Kamis, 02 November 2017

Ingin Lebih Bahagia? Belilah Pengalaman Bukan Barang ..

Bergembira di pantai

Anda pasti sudah sering mendengar petuah yang mengatakan bahwa uang tidak bisa membeli kebahagiaan. Kini, menurut para peneliti, kalimat itu benar setelah mereka mendapati bahwa pengalaman lebih membuat seseorang bahagia daripada memiliki barang-barang.

Memang tidak salah, uang bisa membuat Anda lebih gembira. Tapi sebatas itu saja.

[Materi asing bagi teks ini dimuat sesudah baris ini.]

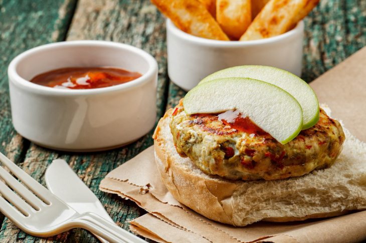 Natenko nakrájané jablko pridáva do burgrov chrumkavosť a jemnú kyslosť. Najlepšie funguje s bravčovým mäsom, syrom brie alebo karamelizovanou cibuľou.
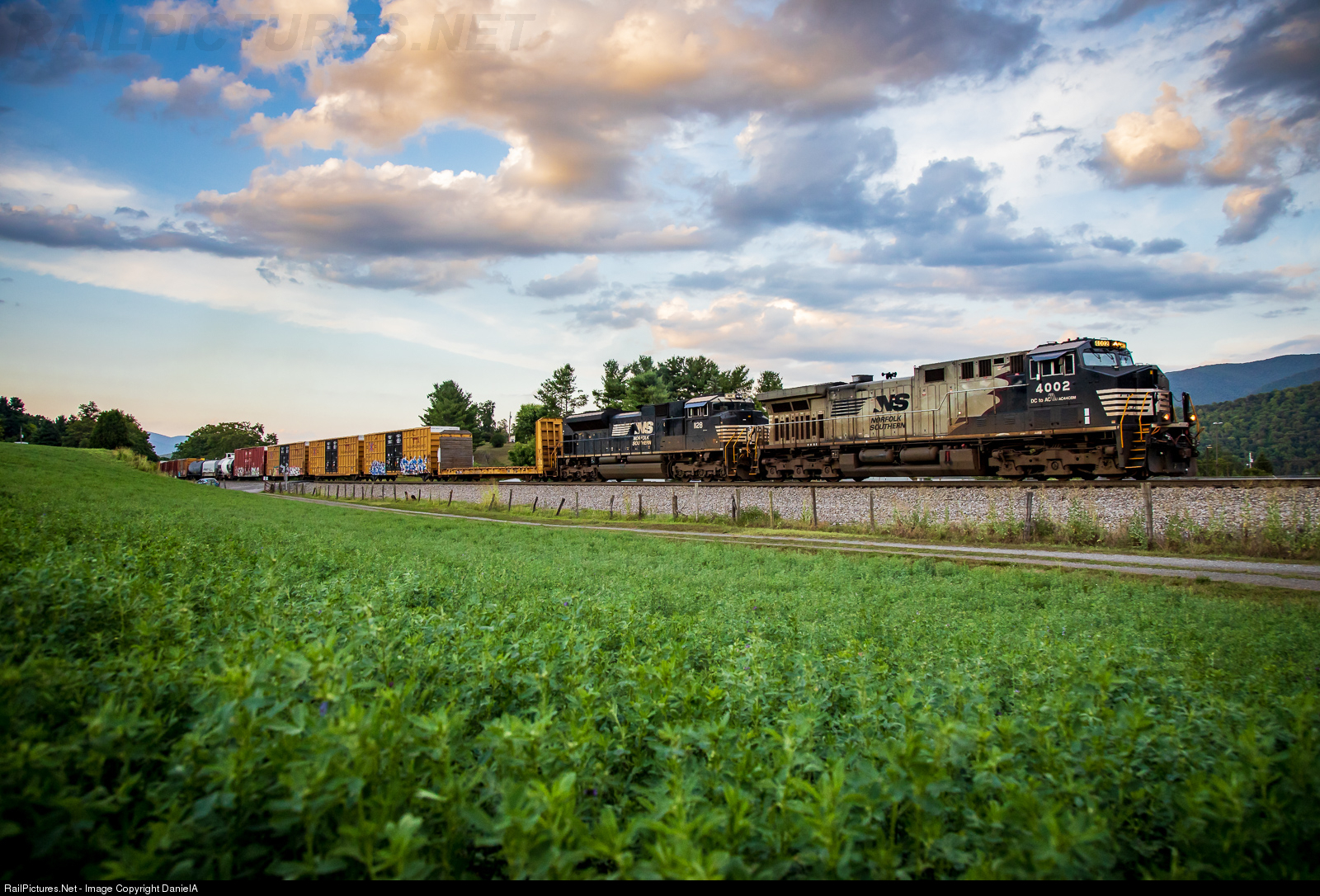 The sun has gone down over the mountain in Shawsville for the evening as NS M5T rumbles up grade with special paint scheme AC44C6M 4002 in the lead.
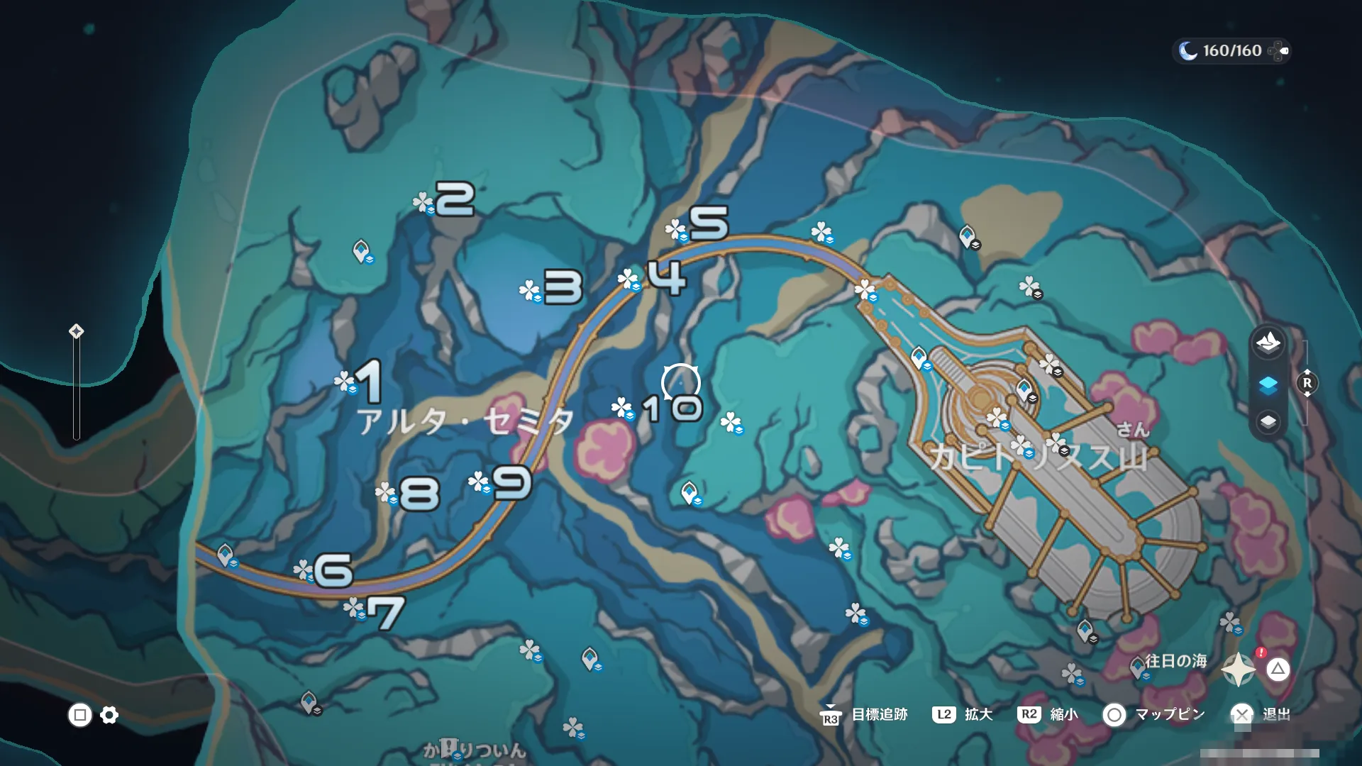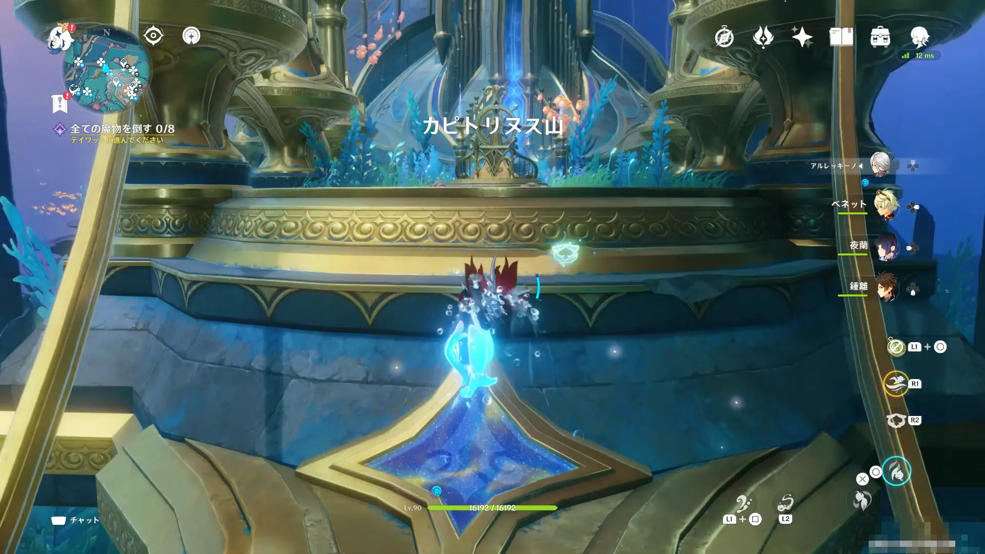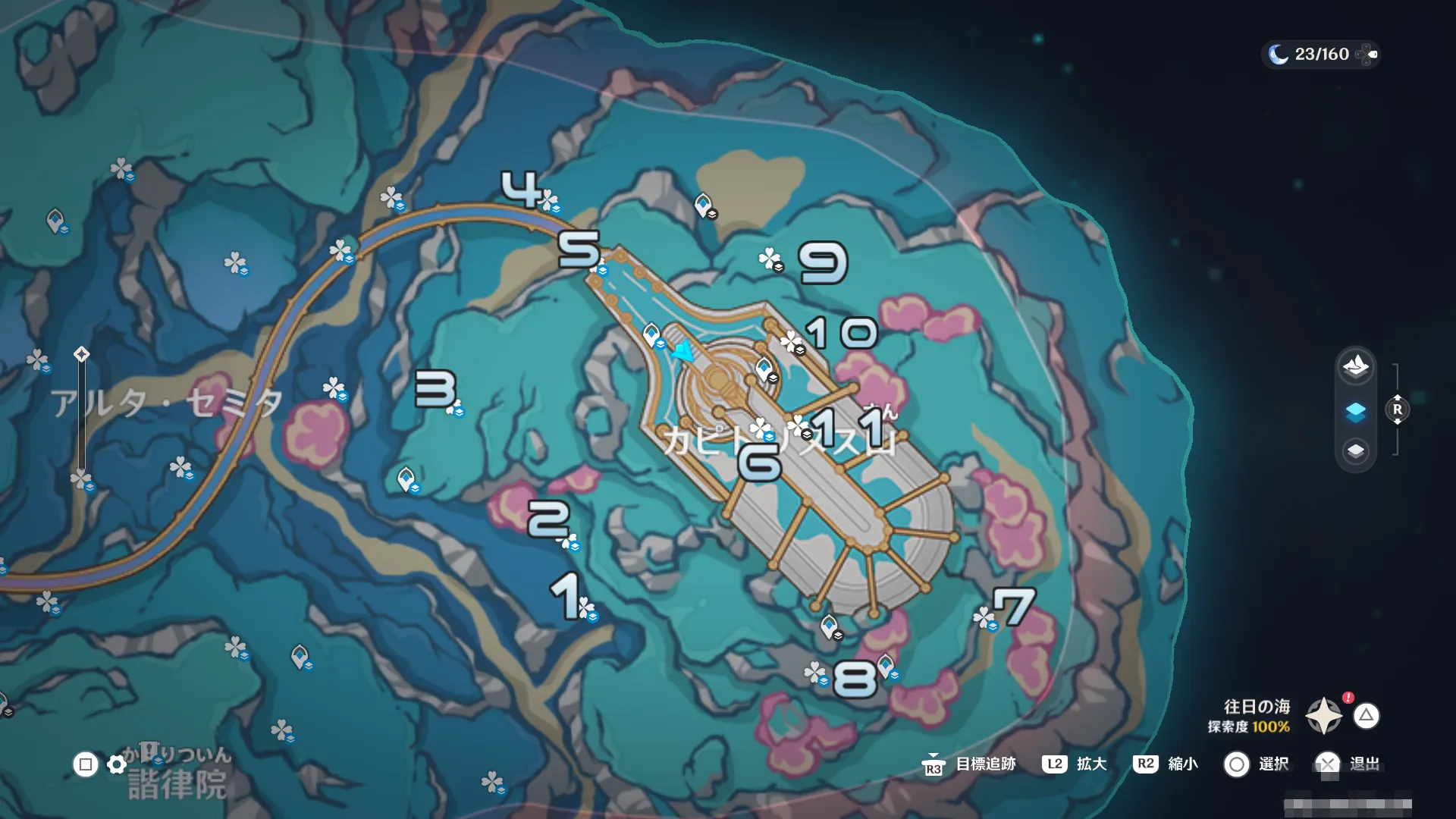 世界任務「諧律のカンティクル」の最後の舞台となる黄金の劇場がそびえたつ山「カピトリヌス山」この山の周辺には洞窟や劇場などの歩くことができるエリアには3つ、水中には8個の水神の瞳が配置されており、ここに置いてある、すべての水神の瞳を獲得するためには「諧律のカンティクル」を完遂する必要がある。

Bila kebutuhan pokok Anda sudah terpenuhi, maka memiliki lebih banyak uang tidak akan meningkatkan kebahagiaan secara signifikan.

Oleh karenanya yang harus dilakukan agar lebih bahagia bukan mencari lebih banyak uang, namun bagaimana menggunakannya untuk mendapatkan kebahagiaan lebih.

Cara yang keliru

Banyak orang mengira menginvestasikan uang dalam bentuk barang adalah cara yang tepat. Alasannya, barang akan lebih awet daripada sebuah pengalaman yang berlangsung sebentar saja. Dengan memiliki barang, orang mengira kebahagiaannya juga akan lebih awet.

Meski demikian, para psikolog dan sosiolog justru menemukan hubungan antara materialisme atau kesukaan memiliki barang-barang, dengan narsisme alias kecenderungan untuk pamer, kegelisahan sosial, dan ketidakbahagiaan hidup.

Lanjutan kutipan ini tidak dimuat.